Полное собрание сочинений и писем в двадцати томах. Том 6. - Иван Гончаров
Шрифт:
Интервал:
Закладка:
271
Гончаров разделял убеждения Белинского о несостоятельности романтической концепции любви, но горячо проповедуемая критиком альтернатива («равенство» и «свобода в отношениях») вызывала у него сомнения. Изначально он, по-видимому, все же хотел развернуть отношения Андрея и Ольги именно в таком ключе, но впоследствии отказался от этого замысла. Колебания писателя отразились в черновом автографе «Обломова», в котором героиня сама бралась разрешить запутавшиеся отношения со своим будущим супругом и первой признавалась ему в любви, а заканчивалась сцена объяснения соглашением об их взаимном равенстве в браке. «- Не надевайте же на себя маску ложного смирения, – говорила она. – Мы долго не понимали друг друга, теперь поняли.

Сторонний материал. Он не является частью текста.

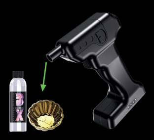
5. DIP NOZZLE TIP Into Bubble X Jigger
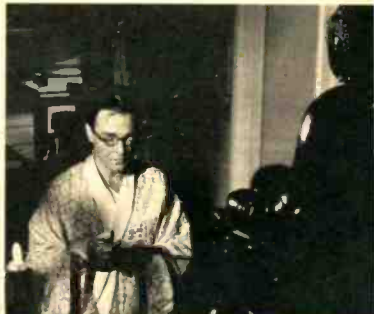
HEAVY-LIDDEN PETER LORRE BOWS DOWN BEFORE A HEATHEN IDOL

who settle back comfortably in their chairs with the solution neatly tied up are given a good jolting.
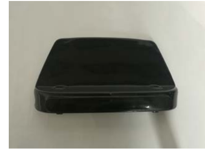
7. One license plate
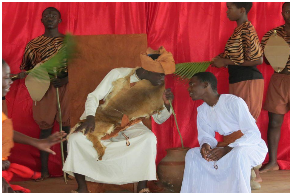
A photo showing the LGHS students acting a stage play

P.O.Box 21261, Kampala, Uganda - Tel. +256 0414 222 698 - e-mail: mpi@meetingpoint-int.org
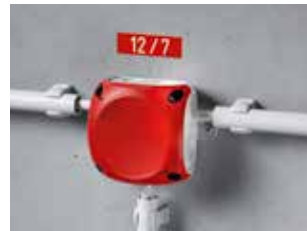
for safety lighting circuits
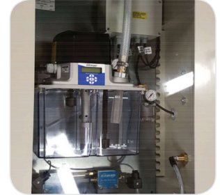
Air/Oil System in Enclosure
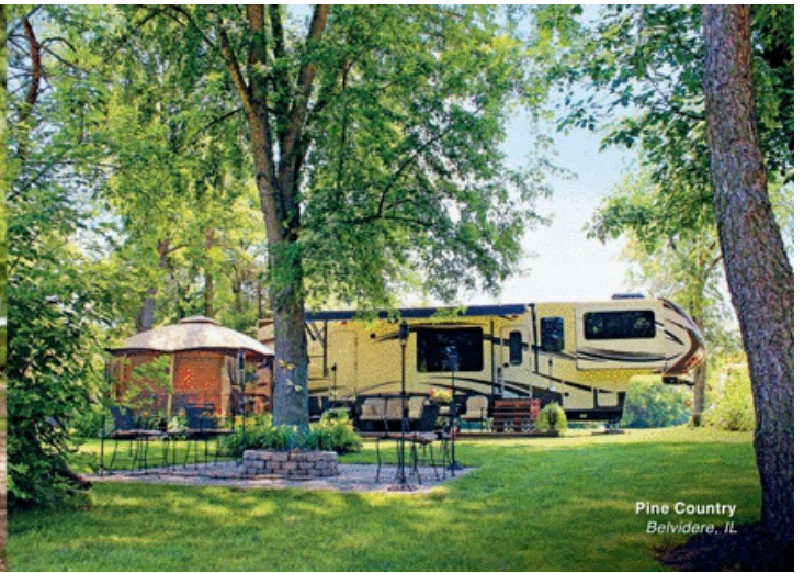
Pine Country Belvidere, IL
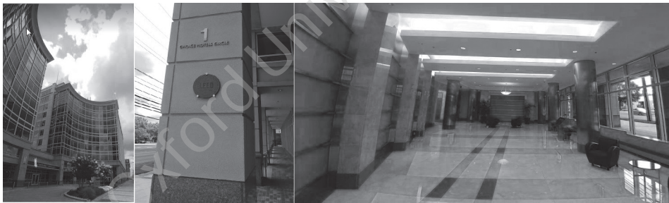
Fig. 1.3 Views of the LEED Platinum certified building in Rockville, MD, USA

Figure 1.3 shows the views of a LEED Platinum certified building in Rockville, MD, USA.
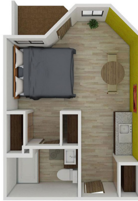
A-5 Studio 400 SQ FT
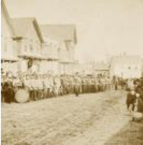
One of the intents of the proposed zoning is keeping downtown to this awesome scale
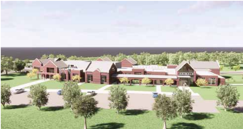
Renderings of South County Police Station & Animal Shelter.
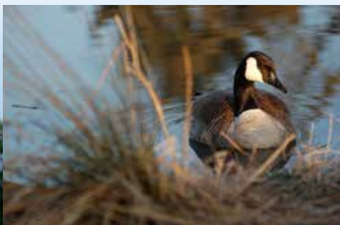
Left: Canada goose Middle: Blue-winged teal Right: Wood duck
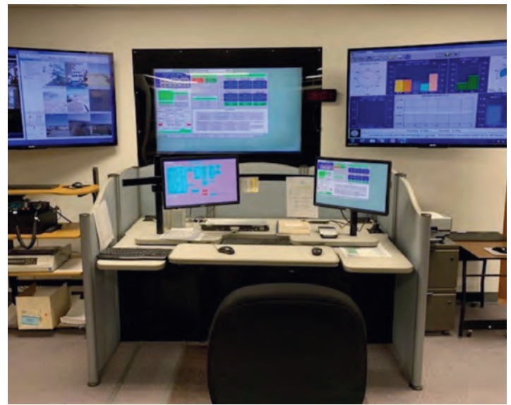
Control room with two operator stations.
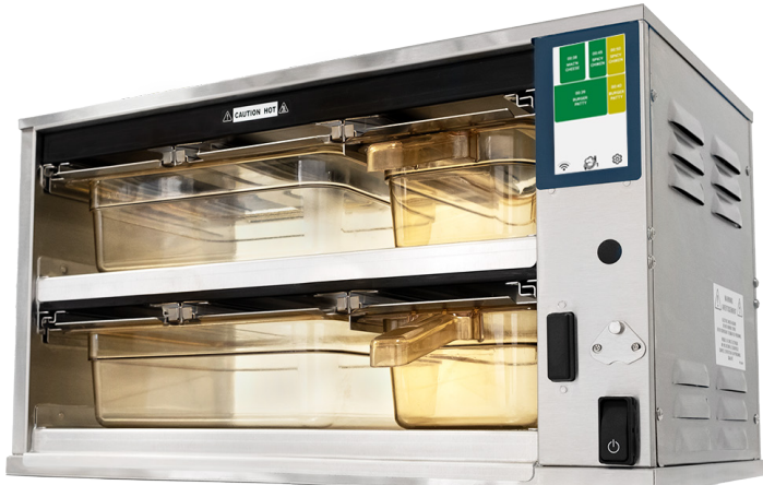
Model RFHU-23-4 4" Deep Multipan Configuration Shown
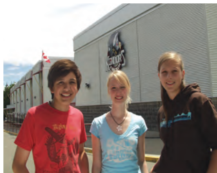
International students “putting in” at Tribune Bay
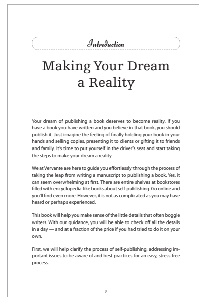
Book page trimmed to size

We also require a PDF of the cover. You can find a template for your saddle-stitched booklet here .
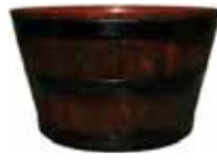
9 99 20.5" Plastic Whiskey Barrel Planter 1679-0000 Reg. $12.99
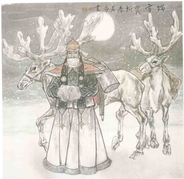
瑞雪 Timely Snow 100cm × 100cm
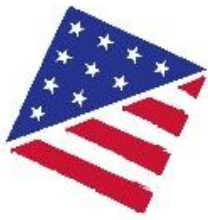
AMERICAN CENTER BAKU
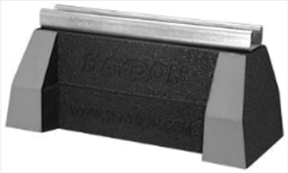
Figure 1: The Generic BE-STRUTRSB Strut Support Base, featuring the integrated 13/16" pre-galvanized strut channel.
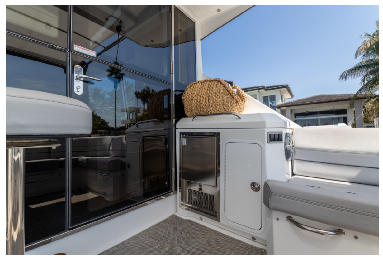
Cruisers 45 - Aft Deck 2018 Cruisers 45 Cantius - Insieme
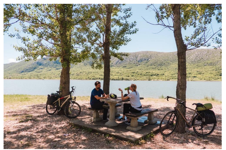
Rest area at Tribalj lake along EuroVelo 8 – Mediterranean Route in Croatia
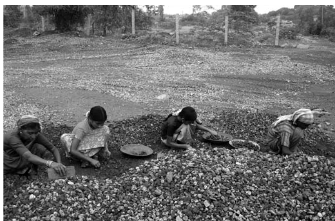
Young girls are engaged in sorting and breaking of iron ore, working 8 hours a day, at Kariganuru, Hospet (Photo December 2009)

number of children working in the mines and in other non-mining activities. Many of the children are from migrant families. Some of the migrant families have settled down in the slums in Hospet while many migrate only seasonally for mine labour. Children are engaged in breaking of stones, digging, dumping and also in cleaning of trucks. Many, as they live on the site and accompany their parents, start working even at the age of five and six and are adept at their work by the age of 10. Boys from the age of 12 start taking on the more difficult work of breaking the larger boulders and stones while the girls are engaged in breaking these into small stones, powdering them into iron ore filings and in loading activities. The average earning of the children working in mining activities ranges between Rs.80 and Rs.100 per day.

И если вы мне скажете когда-нибудь: „мы равны” – я буду горда и счастлива…
– Мы равны! – сказал он, быстро протягивая ей руку: она подала ему свою, и они тихо пошли к тетке» (наст. изд., т. 5, с. 236-237).
В окончательном тексте романа демократическая идея равенства полов заменялась на оправданное опытом многочисленных поколений убеждение в лидерстве мужчины в браке: «Перед этим опасным противником у ней уж не было ни той силы воли и характера, ни проницательности, ни уменья владеть собой, с какими она постоянно являлась Обломову» (наст. изд., т. 4, с. 412). Здесь на предложение Штольца дать ей совет потерявшая уверенность в себе героиня отвечает «почти страстной покорностью»: «Говорите… я слепо исполню!» (там же, с. 422), а последовавшие за этим штольцевские «гарантии» семейного счастья имеют совершенно иную, чем в рукописи романа, модальность: «…отдайте мне ваше будущее и не думайте ни о чем – я ручаюсь за всё. Пойдемте к тетке» (там же, с. 422).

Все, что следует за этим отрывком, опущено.